Furthermore, are there any useful techniques one might use to show an ideal is indeed proper?

• Could you please explain what you mean when you say that you can't set up an explicit isomorphism? Doesn't your isomorphism send a coset $a + b\sqrt{-5} + (2, 1+\sqrt{-5})$ in $\mathbb Q [\sqrt{-5}]/(2,1+\sqrt{5})$ to the element $a - b \in \mathbb Z / 2 \mathbb Z$ (i.e. we think of $\sqrt{5}$ as $x$, then map $x \mapsto -1$, like in your second method)?

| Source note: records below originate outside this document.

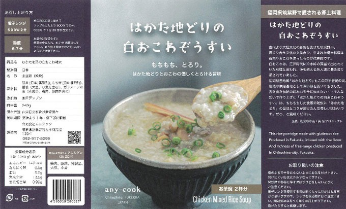 筑紫野市で生まれたブランド鶏はかた地どりと、筑紫野市で収穫されたもち米を使用した白おこわ雑炊です。 地元の気候や土壌に育まれた特産食材を組み合わせることで、筑紫野市の魅力を一杯で味わえる地域グルメとして仕上げました。 もち米で作った白おこわをベースにしているため、一般的な雑炊とは異なるもっちりとした食感が楽しめます。 さらに、はかた地どりの豊かなコクと旨味が出汁に溶け込み、素材の美味しさを引き立てるやさしい味わいに仕上げました。 白おこわと雑炊を組み合わせた「おこわ雑炊」という新しい発想の商品で、他にはない食感と味わいを楽しめる珍しいおこわ系レトルト商品です。 地元の恵みを活かした、筑紫野市ならではの贅沢な一杯です。 OEMお問い合わせ 取り扱い企業 合同会社エニクック エニクックは、ANY(何でも)COOK(創る)という名の通り、想いを形にする食のクリエイターです。 所在地 〒 818-0011 福岡県筑紫野市阿志岐133-1 [MAP] TEL: 092-917-8299 FAX: 092-917-8298 レトルト食品製造会社 /有機JAS認証事業者 /JFS認証企業
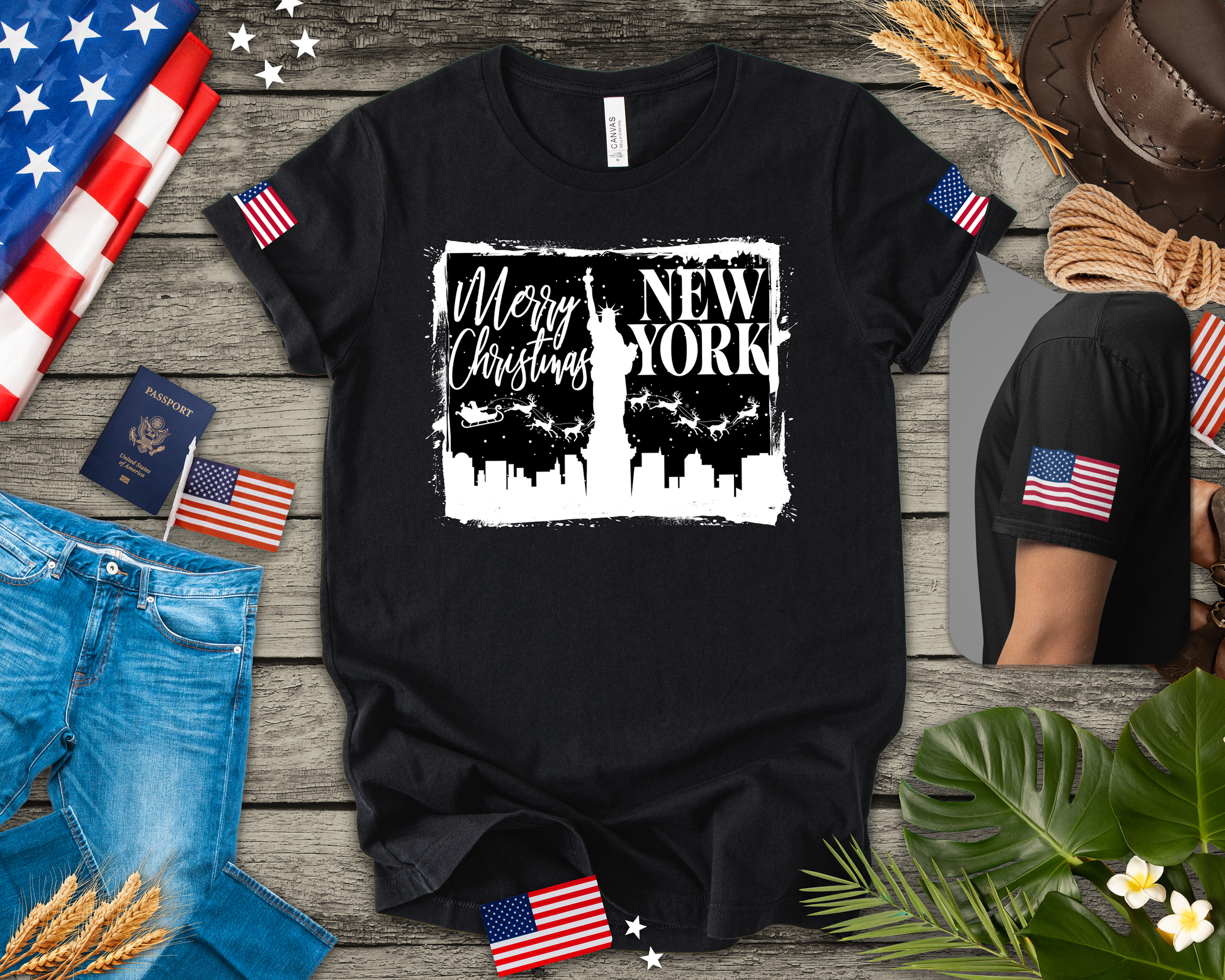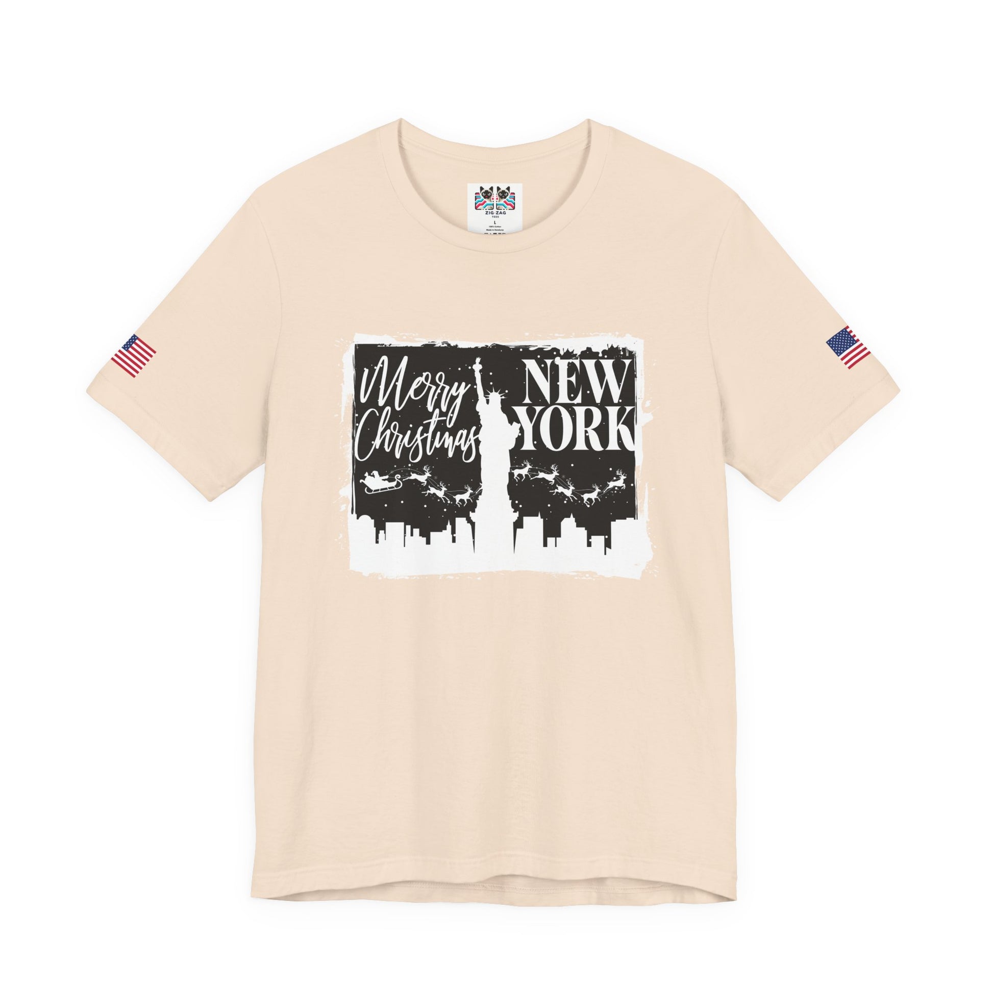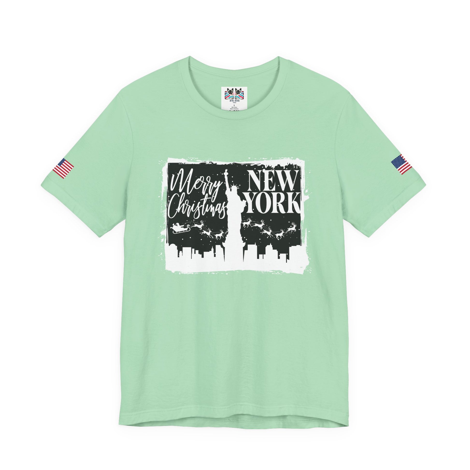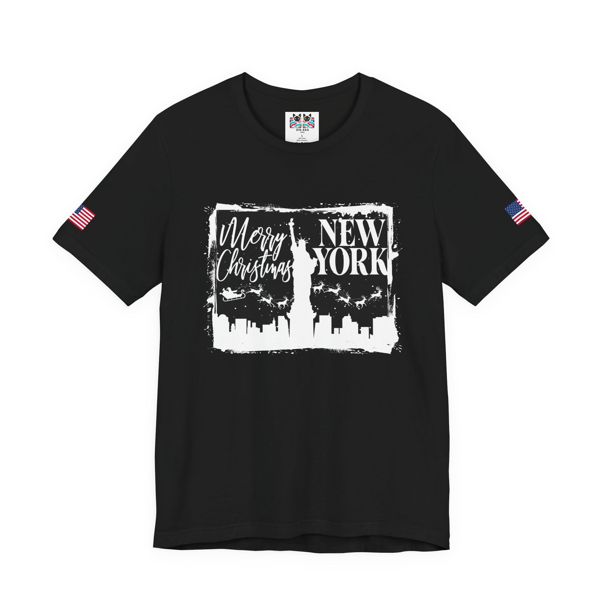 Celebrate the holidays in the city that never sleeps with this festive "Merry Christmas New York" t-shirt! The design features a white distressed rectangular frame containing "Merry Christmas" in script lettering and "NEW YORK" in bold caps, with the NYC skyline silhouette and Statue of Liberty. Santa's sleigh and reindeer fly across the winter sky above the city lights. Perfect for New Yorkers celebrating Christmas, holiday tourists visiting NYC, winter travelers, or anyone who loves the magical atmosphere of New York during the holiday season. This black t-shirt with flag sleeve patches makes a great Christmas gift, ugly sweater party alternative, or festive casual wear for December celebrations, ice skating at Rockefeller Center, or holiday shopping on Fifth Avenue.
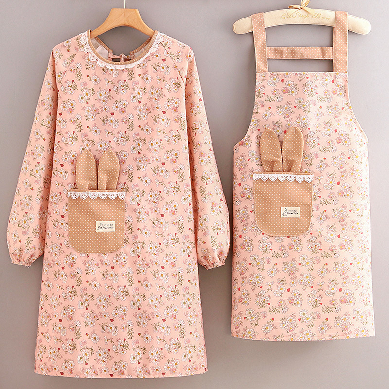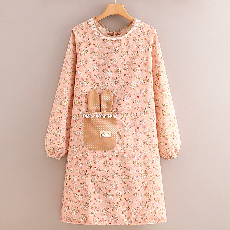 • 캔버스 꽃무늬 긴팔 토끼귀(핑크) + 앞치마✓
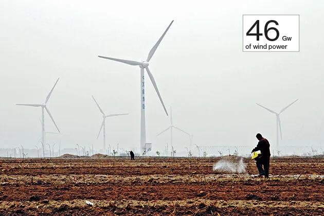 农田位于河北省张家口的风电场旁摄影:Imaginechina/AP照片根据美国能源信息管理局(EIA)的数据,中国在2011年占全球煤炭燃烧量的近一半。该国也是导致全球变暖的温室气体最大排放国——大部分碳排放来自煤炭燃烧。清华大学的一位教授计算出,2012年煤炭造成的雾霾导致中国670,000人死亡。
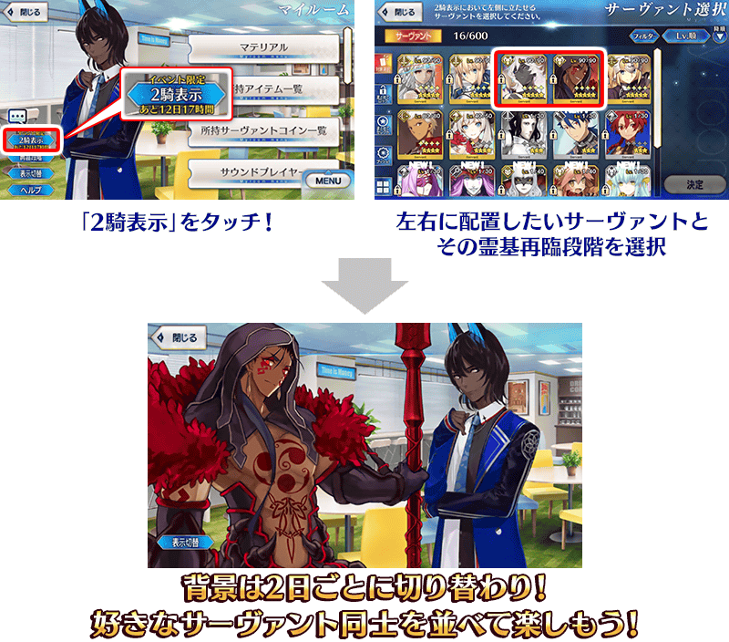- During the event, you can set 2 Servants as My Room's Servants
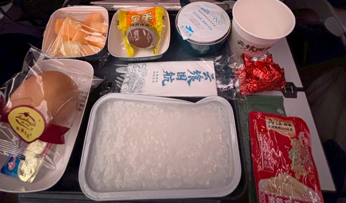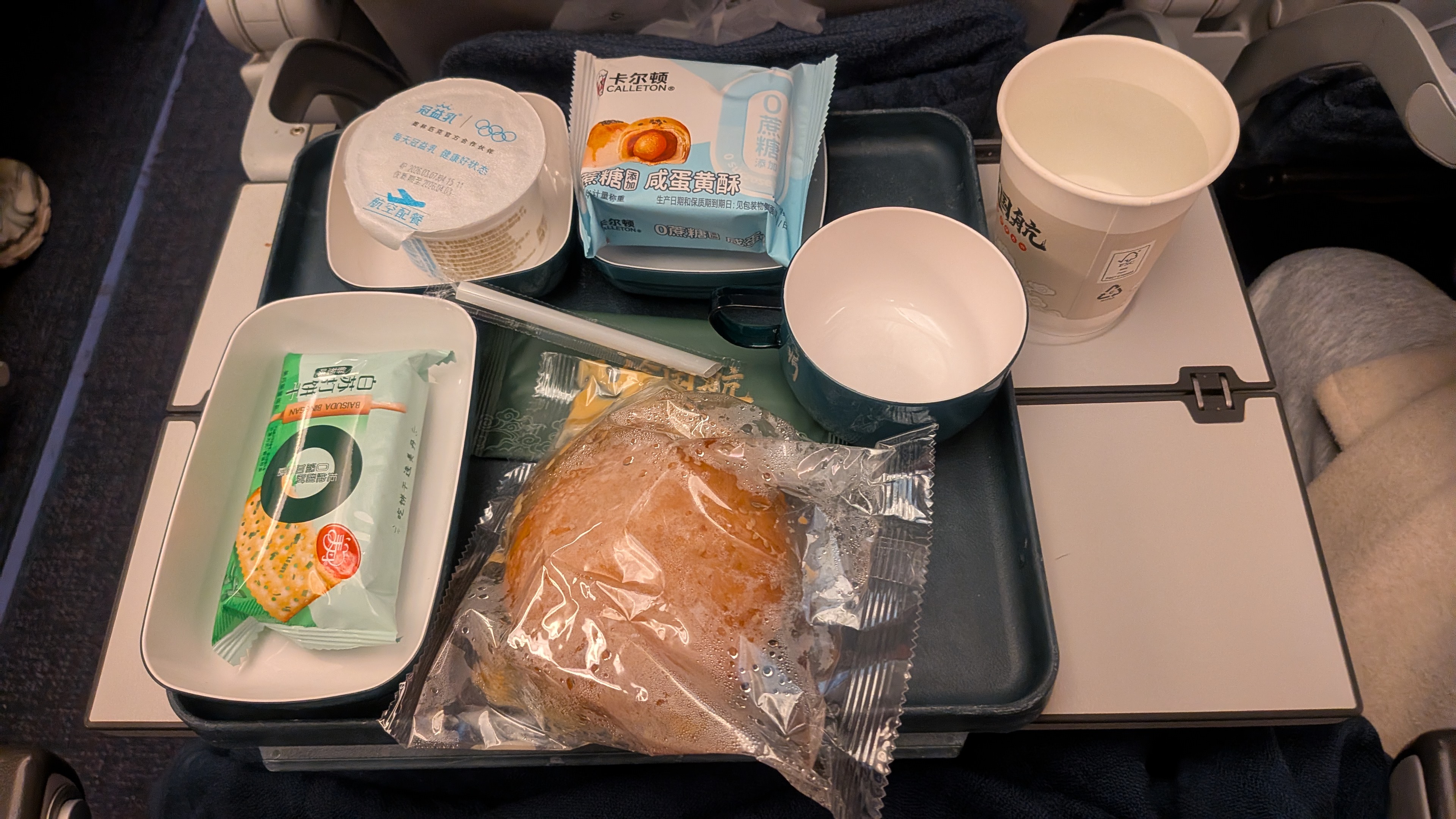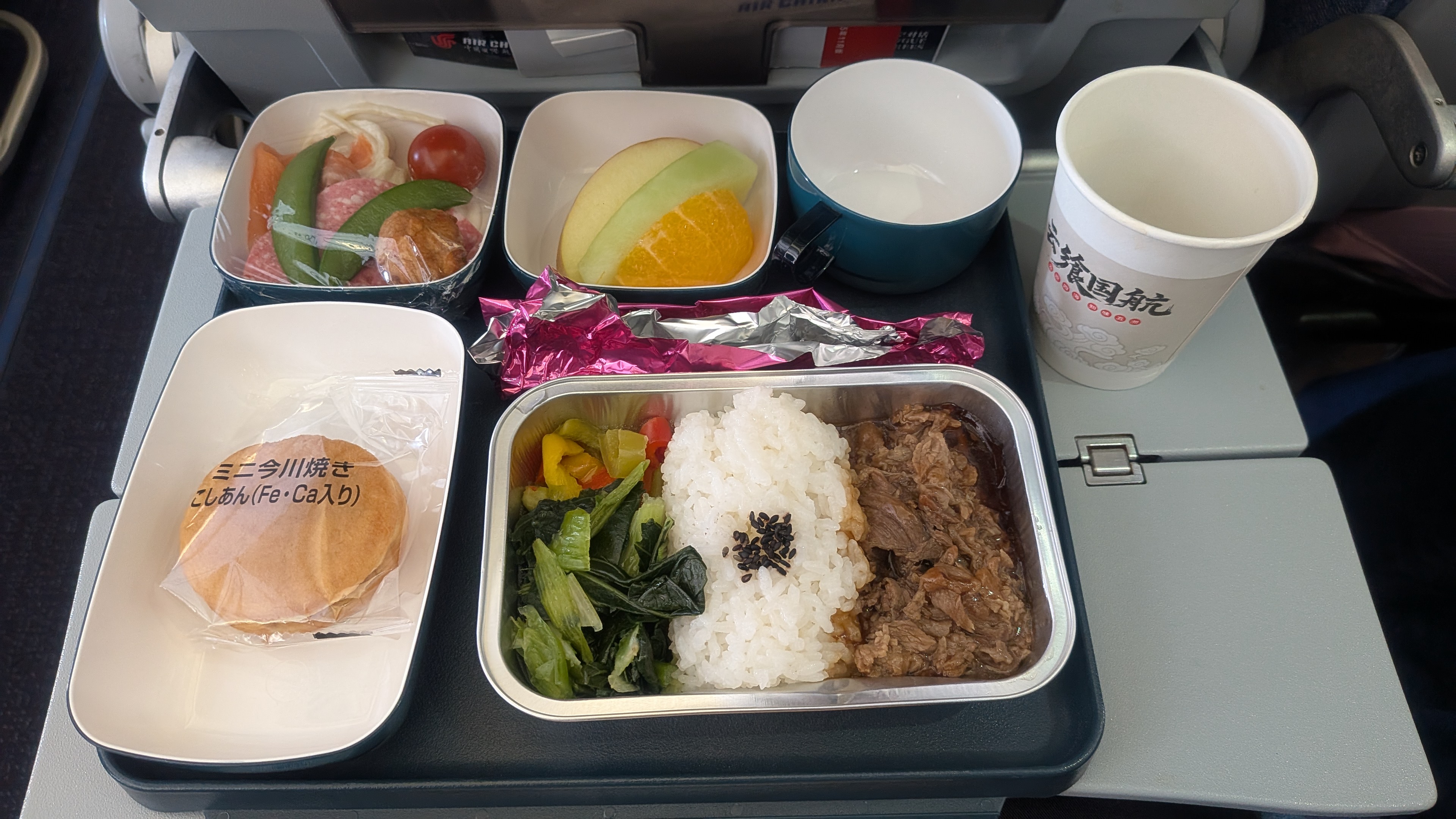 離陸からしばらくしてモンゴル上空付近で風が強いのか非常に機体が揺れたことを覚えています.ただ深夜なので皆さん眠っている中一度目の軽食です.温かいチキンパニーニかビーフハンバーガーの2択でした.これのどこが軽食なのか知りませんが実食.ハンバーガーはスーパーによくあるヤマザキのチーズバーガーのような味でした.嫌いではないです.そのほかのビスケットやまんじゅうはとにかくパサパサで口の中の水分がすべて無くなるような食べ物でした.ただしょっちゅう飲み物の補給にくるのでそれに救われました.ちなみにこのときに寝ていると,付箋が机の前に貼られあとから貰えたりするようです.
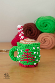 Christmas Mug Crochet Ornament PDF Pattern. Mini Christmas Ornament Amigurumi Candy Latte
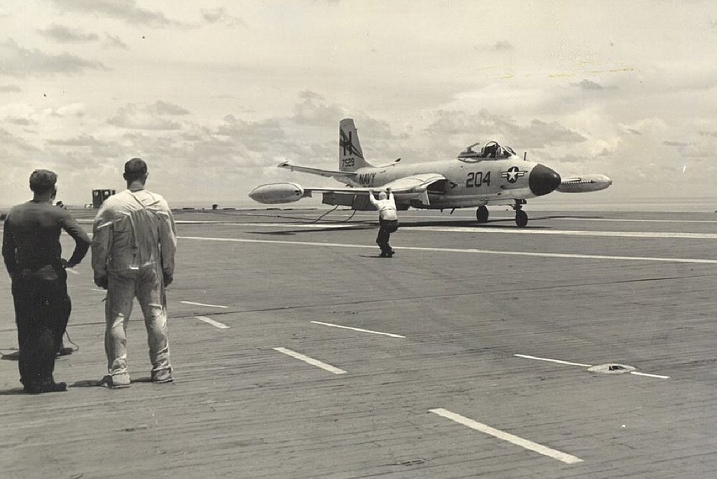 119k | A U.S. Navy McDonnell F2H-3 Banshee (BuNo 127529, modex H204) of Fighter Squadron (VF) 152 "Fighting Aces" after recovering aboard USS Wasp (CVA-18). VF-152 was assigned to Carrier Air Group (CVG) 15 aboard the aircraft carrier for a deployment to the Western Pacific, 23 April–15 October 1956. |
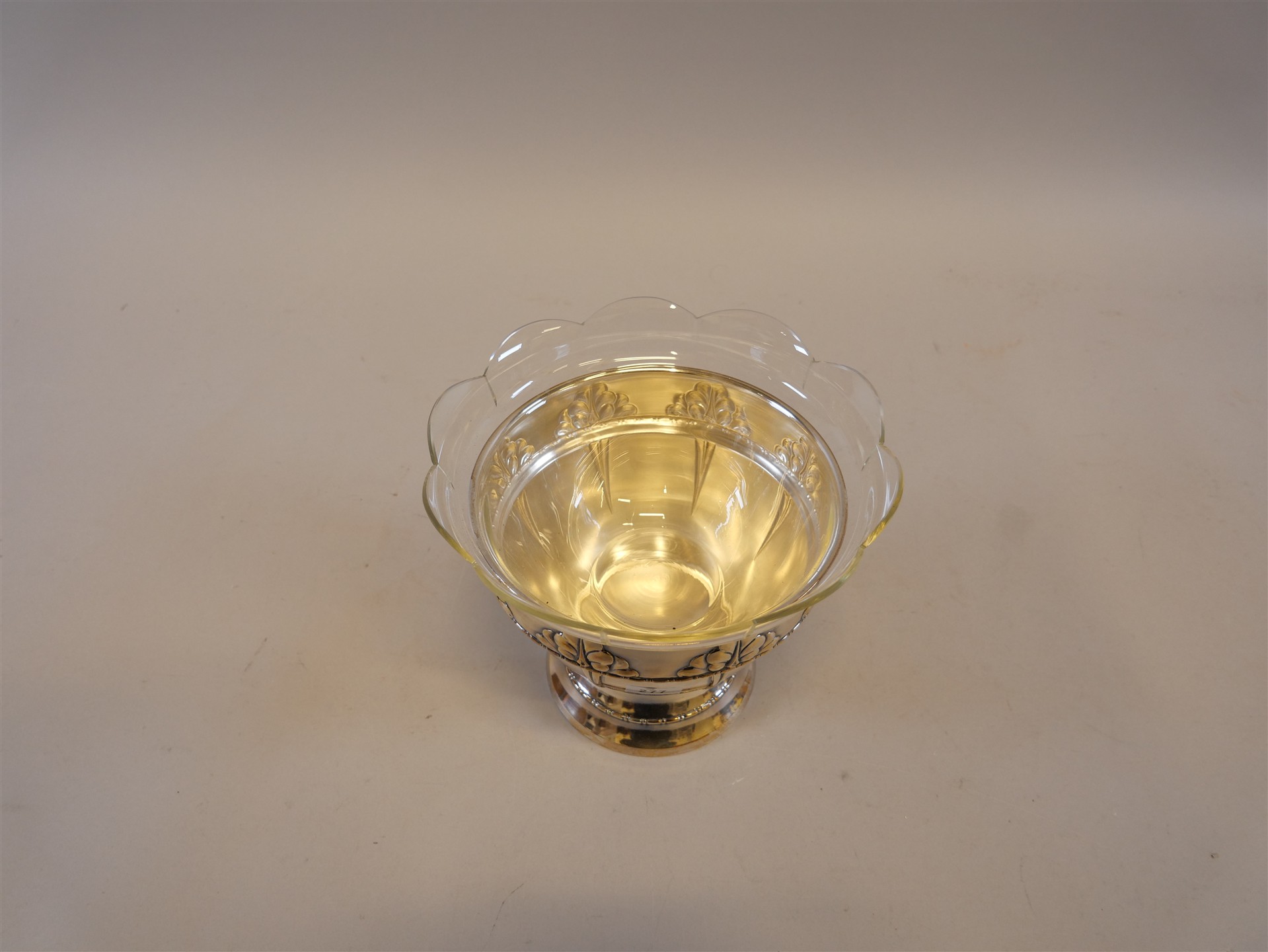 277. Nysilverskål med glasinsats. H. 18 cm. Diam. 21 cm.

And doesn't this agree perfectly with your first method? – Kenny Wong May 31 '17 at 23:43
• There are other ways to see that $(2, 1+\sqrt{-5})$ is a proper ideal. For example, we can stare at the ideal-theoretical equation $(2)(3) = (1+\sqrt{-5})(1 - \sqrt{-5})$ and deduce that any prime ideal that divides $(2)$ must also divide $(1+\sqrt{-5})$ or $(1-\sqrt{-5})$, and hence, any such prime ideal divides $(2, 1+\sqrt{-5}) = (2, 1- \sqrt{-5})$. Or we can apply Dedekind's factorization theorem to show that $(2) = (2, 1+\sqrt{-5})^2$. But admittedly, these methods don't work for every ideal in every ring of integers. – Kenny Wong May 31 '17 at 23:47
• your isomorphism isn't intuitive at all considering that if you map $x$ to $2$ instead you get something completely different. – mercio Jun 1 '17 at 9:20
• @user1952009 I'm sure you know much more about this than me! For the second method, we're essentially testing whether or not $2$, $1+x$ and $x^2+1$ have g.c.d. $=1$, and it would be natural to use the Euclidean algorithm. I wonder if this is essentially equivalent to using Grobner bases? (I can't remember how the Grobner basis algorithm works off-hand...) – Kenny Wong Jun 1 '17 at 9:23
• @mercio Could you please explain why we would choose to map $x \mapsto 2$ here? The reason we map $x \mapsto -1$ is that $x+ 1$ is in the ideal, so we're quotienting by $x + 1$. (We could just as well map $x \mapsto 85$, because $x + 85 = (x+1)+42\times 2$ is in the ideal, and ultimately we'll get the same answer. But I don't think we can map $x \mapsto 2$...) – Kenny Wong Jun 1 '17 at 9:25

I'm sure there is a much better way, but yes it works generally, assuming you know the multiplication law in $\mathcal{O}_K$ seen as a free $\mathbb{Z}$ module.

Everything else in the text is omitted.